Cyber infrastructure: Too big to fail, and failing

The cybersecurity industry isn’t keeping up with cyber threats, the Atlantic Council’s Joshua Corman told a SOURCE Boston audience. And things are about to get even worse

Even the good news is bad news.

While Joshua Corman didn’t use that exact line in his opening keynote at SOURCE Boston this week, that was a pervasive, and sobering, theme.

Corman, a founder of I am The Cavalry and director of the Cyber Statecraft Initiative for the Atlantic Council, said he was there to tell some “uncomfortable truths” about the state of cybersecurity – among them that, “the critical infrastructure of our space is too big to fail, and it’s failing.”

He said the current statistics are depressing enough – that the database of CVEs (Common Vulnerabilities and Exposures), “which is the predicate for all of our intrusion detection,” holds only about 80 percent of those in existence, and that there is security “coverage” – blocking or detection technology – for only 60 percent of that number. “So you’re at 60 percent of 80 percent,” he said. “At best, you’re getting about 50 percent coverage of the knowns. When you make a risk decision, you’re doing it with a 50 percent blind spot.

“This is a too big to fail thing. It’s like our bridges and tunnels collapsing,” he said, adding that there is even less coverage for industrial control systems (ICS) and medical devices.

“And it’s about to get a lot worse,” he said.

In the cases of ICS and medical devices, the risks go well beyond identity theft, compromises of credit card information or loss of privacy. “There is no coverage of vulnerabilities that could have a kinetic effect,” he said, citing the February 2016 ransomware attack on Hollywood Presbyterian Hospital that took down its computer systems for a week until it paid a $17,000 ransom. That, he said, was the result of, “a single Java flaw in a single library.”

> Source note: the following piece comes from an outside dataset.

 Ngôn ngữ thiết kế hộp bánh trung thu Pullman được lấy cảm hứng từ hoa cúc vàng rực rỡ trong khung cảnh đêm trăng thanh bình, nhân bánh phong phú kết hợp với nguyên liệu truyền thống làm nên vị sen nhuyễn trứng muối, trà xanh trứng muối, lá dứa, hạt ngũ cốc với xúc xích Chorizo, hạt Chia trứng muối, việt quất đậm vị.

The potential life-and-death implications, he said, are obvious. “Can you imagine coming to the emergency room and being told you have to go somewhere else, when seconds count? Or if you had surgery scheduled and it had to be canceled?”

Corman, who is serving on a task force on cybersecurity in healthcare that was generated from the passage of the Cyber Information Sharing Act (CISA), said he initiated discussion of a real-world example of how crucial cybersecurity is in that industry.

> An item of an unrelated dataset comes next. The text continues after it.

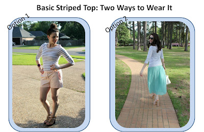 Yesterday I showed you two ways to wear a basic striped shirt with white (either shorts or pants). Today I am showing you two different ways that I have recently worn my shirt with pastels.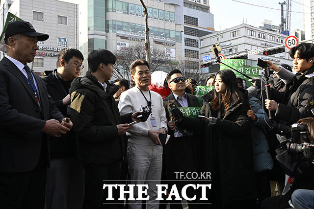 전한길, 경찰 출석 전 "이 대통령 비판 말라는 의도" [TF사진관]

“I asked why the death count from the Boston Marathon bombing was so low,” he said. “The answer was that it was blocks from the best medical facilities in the world.

“But what if you combined a cyber attack with a physical attack?” he said, adding that when he raised the question, “everybody in the room turned white.”

The point, he said, is that healthcare cybersecurity, “is in critical condition” for reasons that have been documented for more than a decade:

  • A severe lack of security talent. “The reality is that 75 percent to 85 percent of health care organizations lack a single qualified security person,” he said. “Nobody to apply patches or receive threat intelligence. Which defies logic.”
  • Legacy equipment. “Windows XP (which Microsoft no longer supports) is usually the best-case scenario,” he said. “We’re in a bad way, defending really old, difficult to manage systems.”
  • Premature overconnectivity. “This is the government’s fault,” he said. “The intent was good, but the problem is there is no threat modeling or secure design. These things were never designed to be connected to anything and are connected to everything.”
  • Vulnerabilities that impact patient care.
  • An epidemic of known vulnerabilities. “One single medical technology was found to have more than 400 of them,” he said.

These problems are solvable, he said, “but we’re not focused on them.” He said he fears that needed focus won’t come until there are more high-profile incidents – a bit like water pollution wasn’t taken very seriously until the Cuyahoga River in Ohio caught fire several times decades ago.

There are some encouraging signs from government, he said, noting the two-year amendment to the Digital Millennium Copyright Act (DMCA) that allows (with rigorous restrictions) the unlocking of copyrighted software for research purposes.

He also cited the recent Food and Drug Administration’s publication of post-market security guidelines for medical devices, which requires flaws to be acknowledged within 30 days and patched within 60 days.

Some regulation, he agreed, could conceivably put a drag on innovation. “Some of these things I hate,” he said, “but the tradeoff is between doing something or nothing.”

And doing nothing, he said, could lead to something more serious than websites going down due to a distributed denial-of-service attack.

“The consequences of failure involve death,” he said.